[ABOUT THIS EXERCISE] Once you find the line below that has "- Double reinforced", output it and every line after it exactly, stopping after the line that has "该房产于3月13日上午10时", with no pictures.
________________
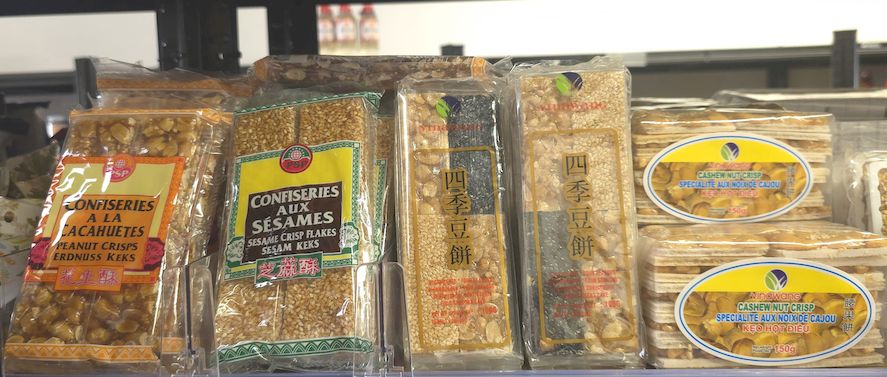 Confiserie asiatique traditionnelle composée de sucre caramélisé et de graines ou noix (sésame, cacahuète, noix de cajou…). Texture croquante et légèrement collante, goût sucré avec arôme grillé très parfumé. Produit authentique très apprécié en Asie.
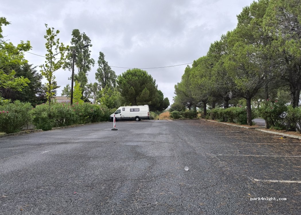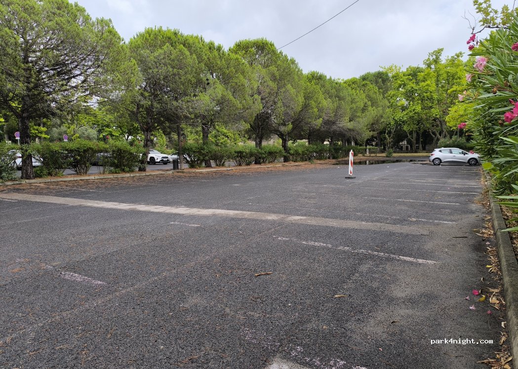 Grand parking asphalté en périphérie de la ville. Entouré d'arbres, vide et très calme la nuit. Le stationnement de nuit est facile.
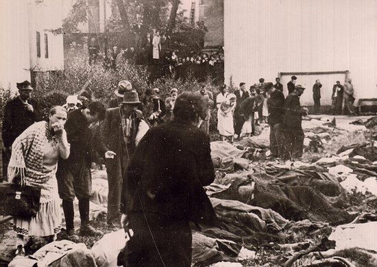 - У Львові та інших містах Західної України НКВД без суду і слідства розстріляла кілька тисяч політв’язнів. Нацисти скористалися цим фактом, щоб спровокувати єврейські погроми на початку липня 1941. Львів, подвір’я в’язниці №1, 1941 рік. З архіву ЦДВР/Історична правда
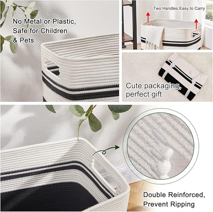 - Double reinforced Handles:We use the highest grade cotton rope as raw material and all the stitches are distribution and fine,which makes the baskets better wear resistance and durability to be used for many years.In addition,each large basket features thick,double stitching around the handles to prevent ripping and keep its shape,never fall off
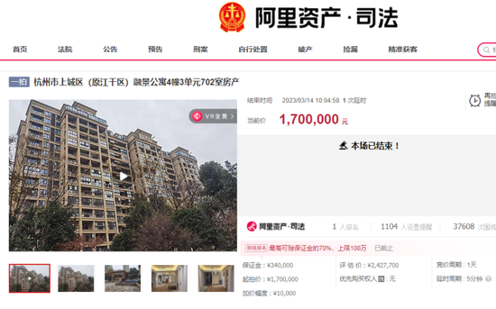 该房产于3月13日上午10时起拍,吸引了超过3.7万人围观,最终拍卖结束前2秒被以170万元的底价拍走,而司法拍卖网站信息显示,该场拍卖也仅有1人参与竞拍。
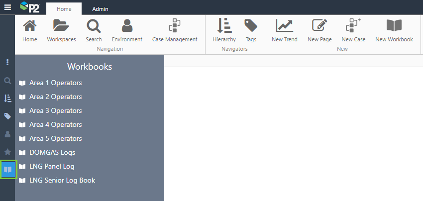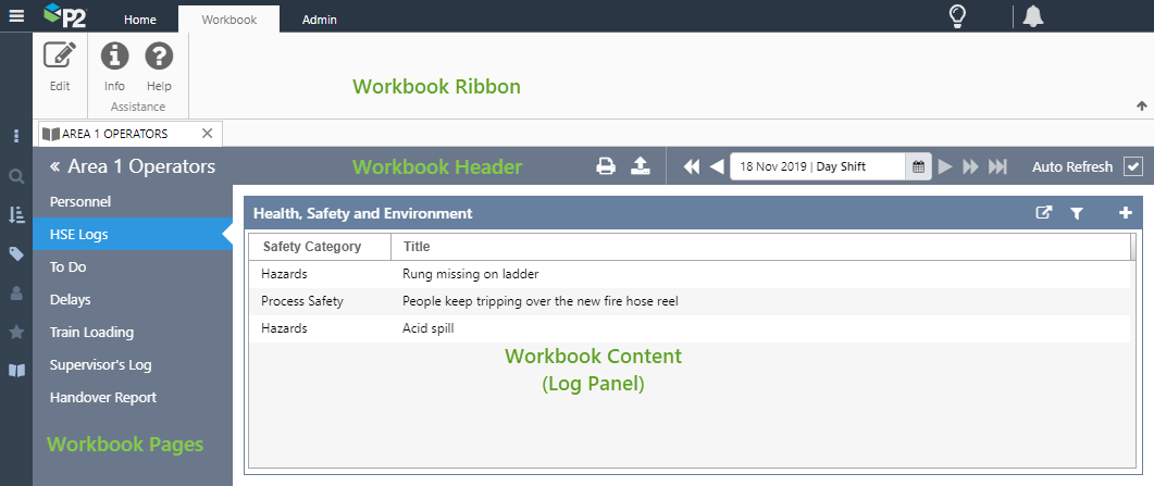 Workbooks have a distinct Look and feel, with a dark blue header and page list on the left. The workbook header contains the main functions specific to the workbook and shift, such as the Shift Navigator, Publishing, and Report Printing functions. Additional functions that apply to the workbook are contained in the workbook ribbon.
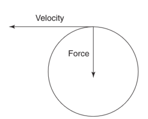 Ans:(C) The bucket will fly out horizontally initially. Objects executing circulation motion have velocity vectors tangent to their motion while experiencing an inward acceleration. If the inward force is released, Newton’s first law dictates the object follow its velocity vector. Note that gravity will cause the object to fall after it is released, but the initial motion is horizontal.
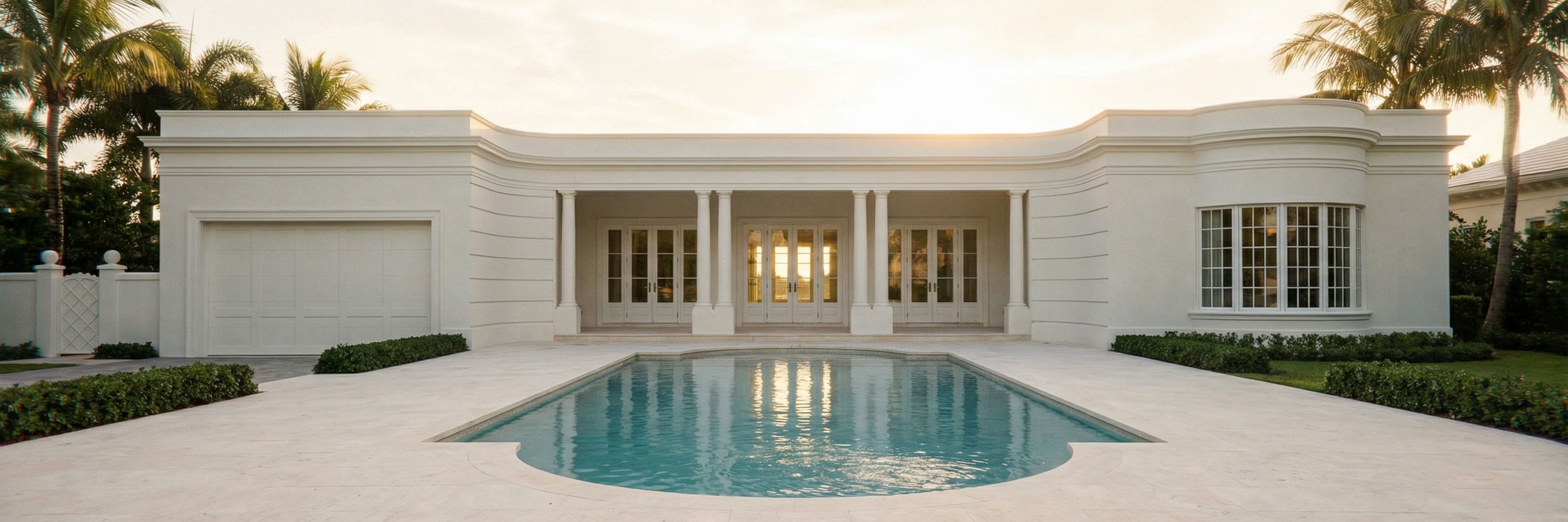 All architectural surfaces are smooth white stucco in a monochromatic Palm Beach Regency palette. Cornices, columns, surrounds, moldings, and entablature are also white plaster with subtle shadow lines emphasizing the classical detailing.
________________
[ANSWER TO THIS PROBLEM]
 - Double reinforced Handles:We use the highest grade cotton rope as raw material and all the stitches are distribution and fine,which makes the baskets better wear resistance and durability to be used for many years.In addition,each large basket features thick,double stitching around the handles to prevent ripping and keep its shape,never fall off
 该房产于3月13日上午10时起拍,吸引了超过3.7万人围观,最终拍卖结束前2秒被以170万元的底价拍走,而司法拍卖网站信息显示,该场拍卖也仅有1人参与竞拍。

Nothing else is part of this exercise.